Harold Lloyd Jenkins (September 1, 1933 – June 5, 1993), better known by his stage name Conway Twitty, was an American singer and songwriter. Initially a part of the 1950s rockabilly scene, Twitty was best known as a country music performer. From 1971 to 1976, Twitty received a string of Country Music Association awards for duets with Loretta Lynn. He was inducted into both the Country Music and Rockabilly Halls of Fame.

Twitty was known for his frequent use of romantic and sentimental themes in his songs. Due to his following being compared to a religious revival, comedian Jerry Clower nicknamed Twitty "The High Priest of Country Music", the eventual title of his 33rd studio album. Twitty achieved stardom with hit songs like "Hello Darlin'", "You've Never Been This Far Before", and "Linda on My Mind". Twitty topped Billboard's Hot Country Songs chart 40 times in his career, a record that stood for 20 years until it was broken by George Strait, and topped the Billboard Hot 100 chart once with "It's Only Make Believe". He wrote 11 of his Billboard Hot Country Songs top hits.

Early life
Twitty was born Harold Lloyd Jenkins on September 1, 1933, in Friars Point, Mississippi. The Jenkins family were of Welsh descent. He was named by his great-uncle, after his favorite silent movie actor Harold Lloyd. The Jenkins family moved to Helena, Arkansas, when Jenkins was 10 years old. In Helena, Jenkins formed his first singing group, the Phillips County Ramblers.
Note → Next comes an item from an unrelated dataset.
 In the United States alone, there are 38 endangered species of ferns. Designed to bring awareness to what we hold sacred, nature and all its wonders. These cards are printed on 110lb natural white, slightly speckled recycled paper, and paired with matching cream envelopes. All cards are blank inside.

Jenkins had his own local radio show every Saturday morning and liked to play baseball. He was drafted into the U.S. Army and served in the Far East, during which time he organized a group called the Cimmerons to entertain his fellow soldiers.

Wayne Hause, a neighbor, suggested that Jenkins could make it in the music industry. Soon after hearing Elvis Presley's song "Mystery Train", Jenkins began writing rock-and-roll material. He went to the Sun Studios in Memphis, Tennessee, and worked with Sam Phillips, the owner and founder, to get the "right" sound.
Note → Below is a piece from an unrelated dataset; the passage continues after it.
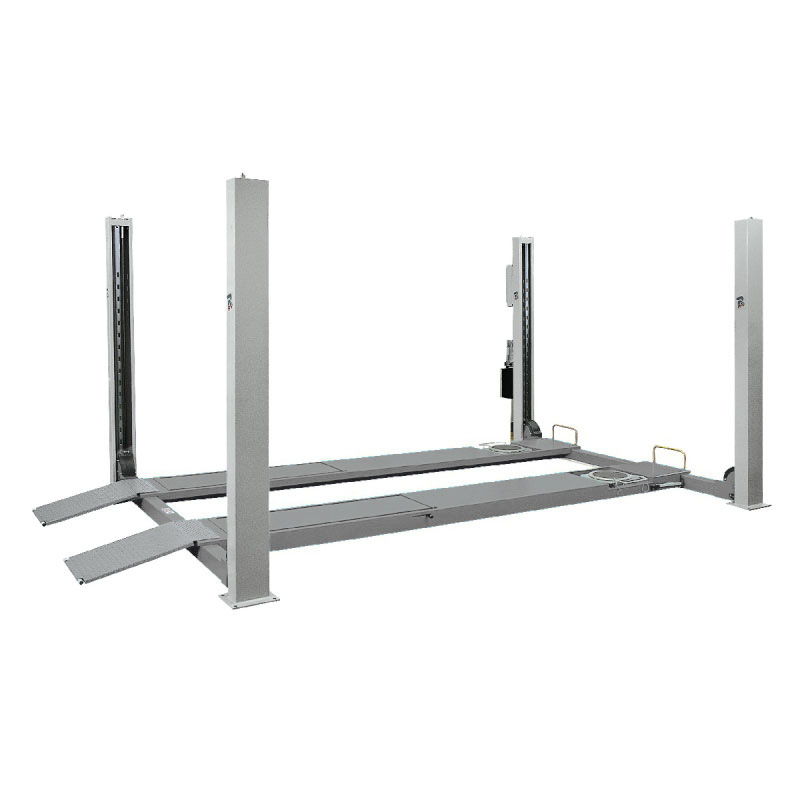 Удлиненный электрогидравлический четырехстоечный подъёмник грузоподъемностью 6,5 т для обслуживания легкового и коммерческого транспорта Оснащение подъемника дает возможность производить регулировку развал/схождения, ремонт тормозной и рулевой систем, и другие работы

None of Jenkins's Sun recordings were released at the time, but Roy Orbison did record his composition "Rockhouse", which was issued on SUN 251 (flipside "You're My Baby") in 1956.

Career

Stage name
In 1957, Jenkins decided that his real name was not memorable enough and sought a better show business name. In The Billboard Book of Number One Hits, Fred Bronson states that the singer was looking at a road map when he spotted Conway, Arkansas, and Twitty, Texas, and chose the name Conway Twitty. Twitty himself confirmed this while appearing on the David Letterman Show on March 30, 1989. Also, in 1957, under his new name, he recorded briefly for Mercury Records, releasing two unsuccessful singles.

Rock and roll career
In 1958, using his new stage name, Twitty's fortunes improved while he was with MGM Records, and an Ohio radio station had an inspiration, refraining from playing "I'll Try" (an MGM single that went nowhere in terms of sales, radio play, and jukebox play), instead playing the B-side, "It's Only Make Believe", a song written between sets by Twitty and drummer Jack Nance when they were in Hamilton, Ontario, playing at the Flamingo Lounge. The record took nearly one year to reach and stay at the top spot on the Billboard pop music charts in the United States and number 1 in 21 other countries, becoming the first of nine top-40 hits for Twitty. It sold over four million copies and was awarded a gold disc by the RIAA. That same year, country singer Tabby West of ABC-TV's Ozark Jubilee heard Twitty and booked him to appear on the show.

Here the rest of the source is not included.